Higher tiers keep the caller informed with natural status updates rather than silence. The world model absorbs throughput mismatches: if the agent needs to book an appointment but the EHR can't handle the write immediately, the intent is captured as an event and the connector runner delivers it when the external system is ready.

### 5. Response Generation and TTS

The response generation step produces the agent's reply using the full context: patient data, conversation history, tool results, emotional state, and the current context graph action. Emotion detection results directly influence the response through micro-behaviors (pacing, word choice, acknowledgment phrases).

Text-to-speech converts the response to audio with emotion-adaptive delivery. If the caller sounds rushed, the agent speeds up. If they sound confused, it slows down and simplifies. Word-level timestamps enable precise barge-in detection so the agent stops speaking when the caller starts.

### 6. Operator Escalation

When a situation exceeds the agent's scope (clinical judgment calls, upset callers requesting a human, safety triggers), the system escalates to a human operator.

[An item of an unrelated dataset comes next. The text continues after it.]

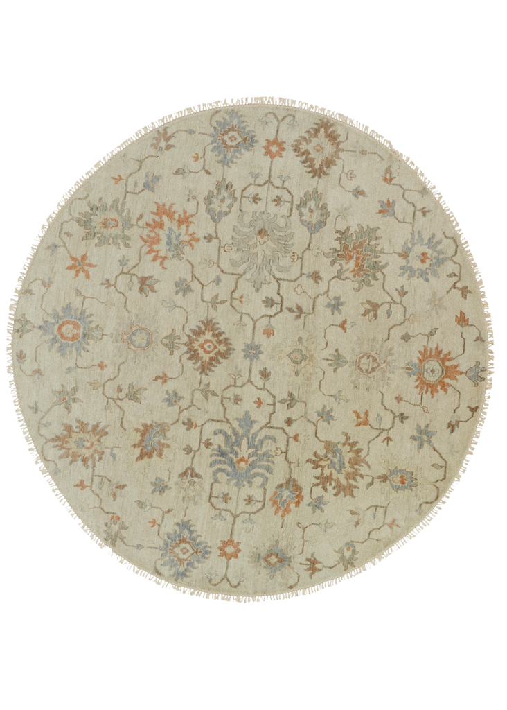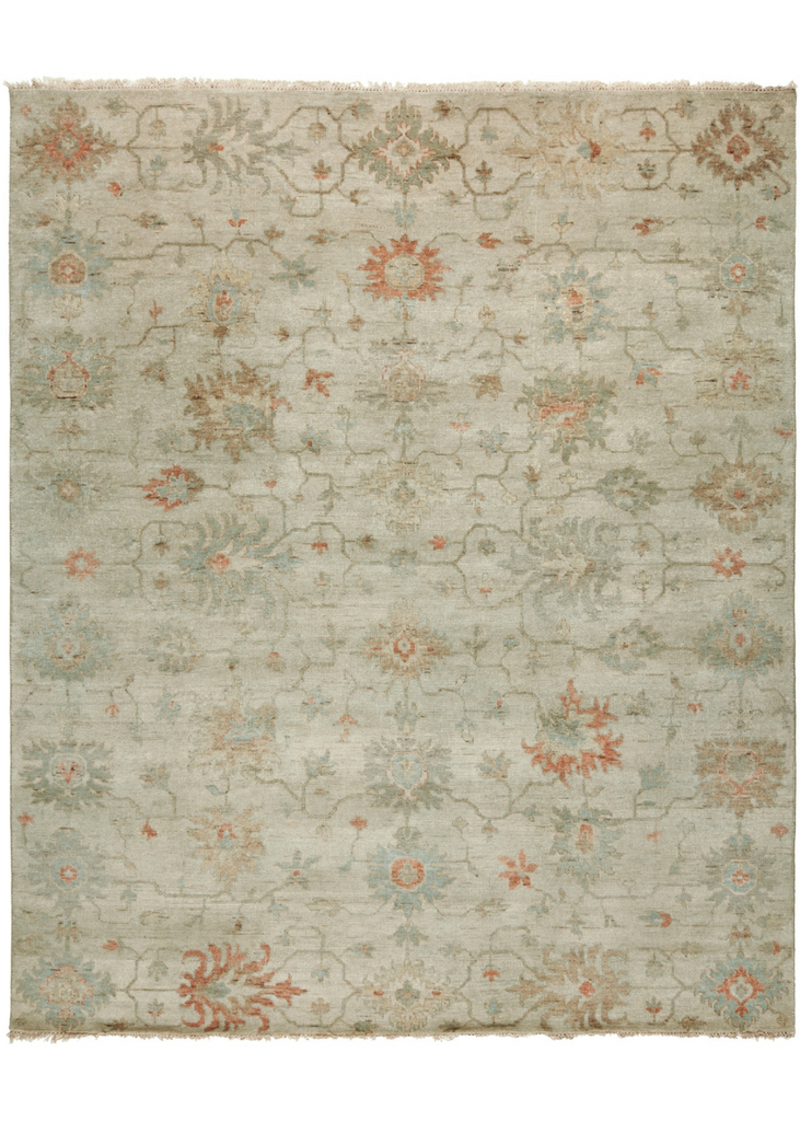Reminiscent of antique Oushaks, hand knotted in a Turkish style weave.

The architecture is conference-first: the patient, agent, and operator are all in the same conference call. The operator joins the existing call rather than receiving a transfer. This means:

* No dropped calls during handoff
* The operator hears the agent's context summary before taking over
* The agent can remain on the line to assist the operator with lookups
* The transition is uninterrupted from the patient's perspective

### 7. Post-Call Processing

Data captured during a live phone call is inherently uncertain. A patient might misspeak, the STT might mishear, or the agent might misinterpret. The verification pipeline catches these errors before they reach a system of record.

After the call ends:

1. **Events** written during the call (at voice confidence) enter the automated review pipeline
2. **Call classifier** filters junk calls before review runs
3. **Per-event review** cross-references extracted data against the transcript
4. **Session coherence check** validates narrative consistency across all events from the call
5. **Verified events** (promoted confidence) become eligible for EHR sync
6. **Flagged items** route to the operator review queue for human decision
7. **Post-call summary** is generated and stored as an event on the call entity

The connector runner handles the final step: syncing verified data back to the EHR through the appropriate adapter.